▶ **Dataset records**:

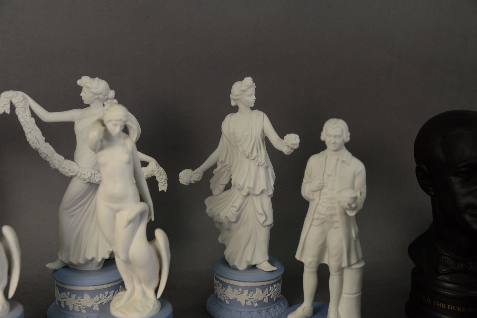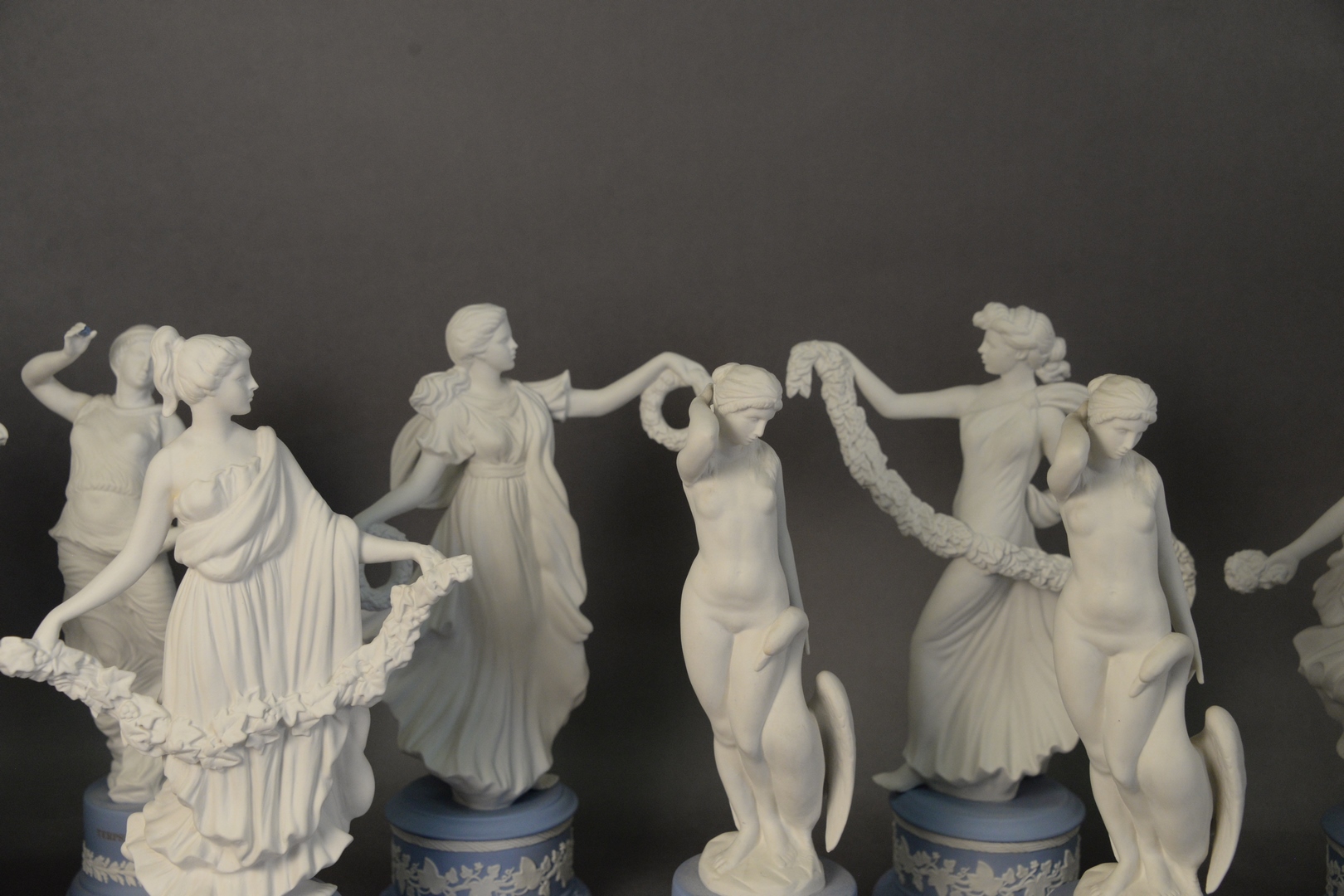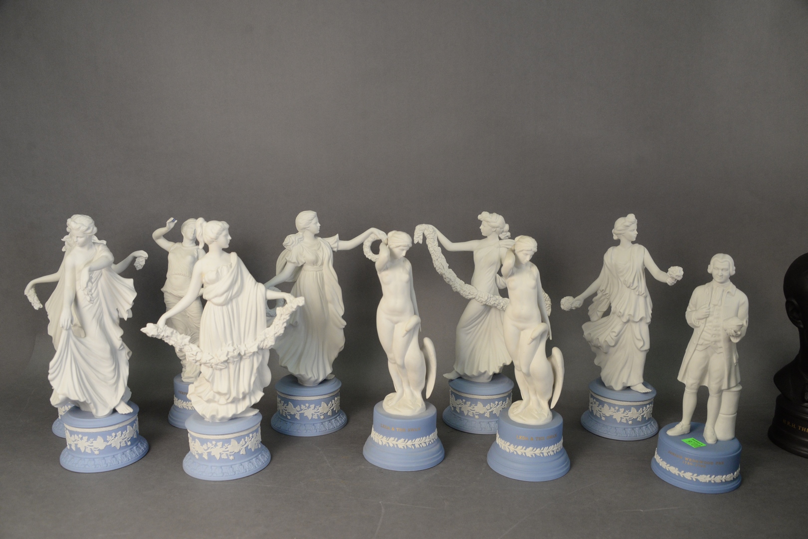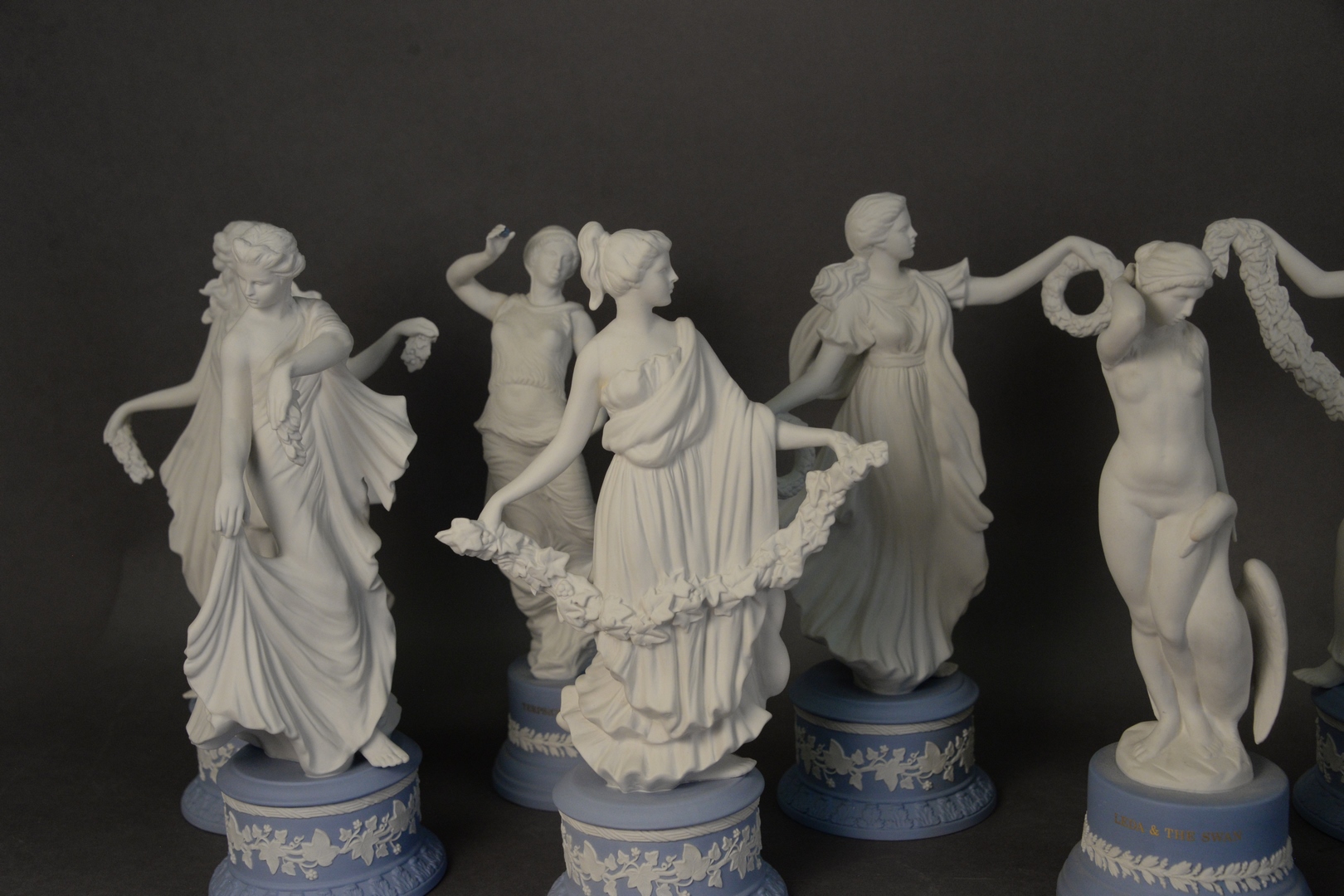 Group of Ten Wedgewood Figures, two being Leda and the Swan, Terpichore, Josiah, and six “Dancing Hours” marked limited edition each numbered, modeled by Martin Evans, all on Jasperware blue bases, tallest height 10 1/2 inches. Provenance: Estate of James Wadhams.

---

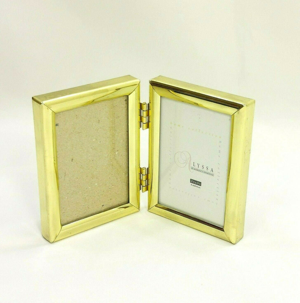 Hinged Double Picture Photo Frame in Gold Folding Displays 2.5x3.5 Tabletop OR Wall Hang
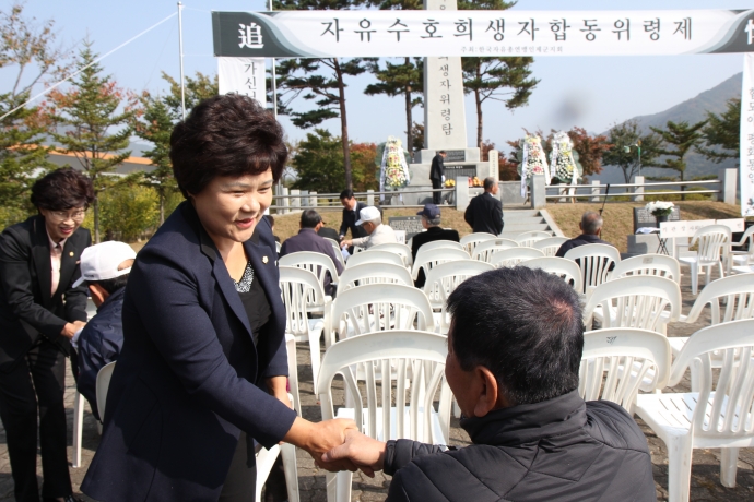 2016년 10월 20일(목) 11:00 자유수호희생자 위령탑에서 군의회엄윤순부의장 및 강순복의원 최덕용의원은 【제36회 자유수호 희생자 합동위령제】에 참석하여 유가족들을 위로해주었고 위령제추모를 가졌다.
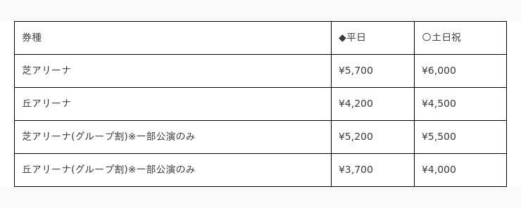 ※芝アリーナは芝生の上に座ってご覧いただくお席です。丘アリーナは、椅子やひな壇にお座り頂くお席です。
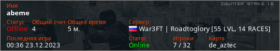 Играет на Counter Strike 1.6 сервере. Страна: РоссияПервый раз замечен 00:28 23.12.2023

* * *

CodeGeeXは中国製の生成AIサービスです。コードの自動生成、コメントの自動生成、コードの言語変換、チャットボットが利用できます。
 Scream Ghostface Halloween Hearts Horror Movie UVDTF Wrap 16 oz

▶ **Exercise directions**: Copy needed, without pictures: the lines of the listing above from the line containing "Hinged Double Picture" up to and including the line containing "Играет на Counter", set down exactly.

▶ **Your solution**:
 Hinged Double Picture Photo Frame in Gold Folding Displays 2.5x3.5 Tabletop OR Wall Hang
 2016년 10월 20일(목) 11:00 자유수호희생자 위령탑에서 군의회엄윤순부의장 및 강순복의원 최덕용의원은 【제36회 자유수호 희생자 합동위령제】에 참석하여 유가족들을 위로해주었고 위령제추모를 가졌다.
 ※芝アリーナは芝生の上に座ってご覧いただくお席です。丘アリーナは、椅子やひな壇にお座り頂くお席です。
 Играет на Counter Strike 1.6 сервере. Страна: РоссияПервый раз замечен 00:28 23.12.2023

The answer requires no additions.